Violence down, property crimes up in Costa Mesa

Violent crime decreased moderately in Costa Mesa last year while property crimes increased, according to FBI statistics released last week.

Reported violent crimes fell from 240 in 2010 to 231 in 2011, a decrease of 3.75%. Murders went from one to four — the highest number since 2006 — and reported rapes dropped from 34 to 30, according to the FBI's Unified Crime Reports data.

Property crimes — a category that includes burglary, auto theft and larceny — increased 11%.

Last year, Costa Mesa logged 340 more property crimes than in 2010, when 3,534 were reported.
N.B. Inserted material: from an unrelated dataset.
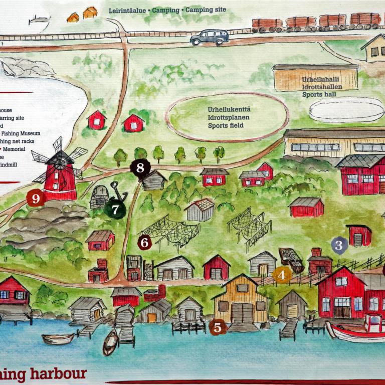 Da es gerade Mittagzeit war sind wir in ein schönes blau gestrichenes Restaurant gegangen. Dabei haben wir den früheren Olympiasieger in der Staffel und Bronze Medaillengewinner im 15 km Langlauf von Innsbruck im Langlauf Arte Koivisto kennengelernt. Er hat das Restaurant vor Jahren gekauft, als er mehrmals von Kokkola, wo er wohnte, nach Kaskinen musste weil ein Schmid ihn etwas machen sollte, aber nie fertig wurde. Da hat er gesehen dass alles zum Kauf ausgeschrieben war. Er hat es übernommen und nun einen schönen Betrieb aufgebaut mit Restaurant, Hotel, Räucherei und Savusauna. (Rauchsauna). Wir haben gut Fisch gegessen und uns anschliessend noch am Meer in einer Schaukel an der Sonne ausgeruht. Unser Spaziergang ging nachher weiter bis ans Ende der Insel, wo noch ein alter Stadtteil direkt am Meer ist mit Fischerhütten und Fischräuchereien. Am Schluss haben wir am Gasthafen an einem kleinen Restaurant noch den „Zvieri“ genommen. Richtig geraten , Kaffee und Kuchen. Ich genoss anstelle des üblichen Nachmittagsprozedere ein Finnisches Eis !! Herrlich bei den Temperaturen. Nach rund fünf Stunden Aufenthalt machten wir uns wieder auf den Weg für die letzten Kilometer zu unserem Tagesziel in Kristiinankaupunki.

Burglaries alone went from 458 to 524.

One possible explanation for the increase in crime is the state's recently created realignment program, that went into effect in October. As part of the realignment, people sent to state prisons are released into probation rather than parole as a means of easing overcrowded state prisons.

Property crime stood at its highest level since 2005, when the city reported 3,843 such crimes. Since 2005, property crimes have decreased annually, save for a 1% increase between 2007 and 2008.

Whether the changing patterns are indicative of a trend is hard to determine, experts said.

An uptick in murders, for example, doesn't necessarily indicate a change in overall safety, said UC Irvine criminologist John Hipp.

He pointed to the mass killing in Seal Beach, where eight murders in one day would show up in crime statistics as an anomaly not illustrative of the town's overall safety.

Recently, Hipp, along with 20 other researchers, produced a study on safety and economic trends in Southern California.

He said a reliably consistent indicator of an area's safety is the number of reported vehicles stolen because victims consistently report that particular crime at a rate of about 95% — a much higher rate than other crimes where victims choose not to come forward.

Last year, Costa Mesa drivers reported 282 stolen vehicles — the same as in 2010, crime data show. In reviewing the number of stolen vehicles since 2004 the Unified Crime Reports show that the recent high was 555 stolen cars in 2005.

Also, a drop in crime may not necessarily mean a city is safer but could mean that people feel less comfortable reporting crime, Hipp said, adding he could not speak specifically to Costa Mesa.

The FBI on its website cautions against using crime statistics as comparisons among cities, because crime "is a sociological phenomenon influenced by a variety of factors."

The Unified Crime Reports are compiled from data the FBI collects from cities across the country with populations greater than 100,000.

Because Newport Beach and Irvine have less than 100,000 residents, it is not included in the report.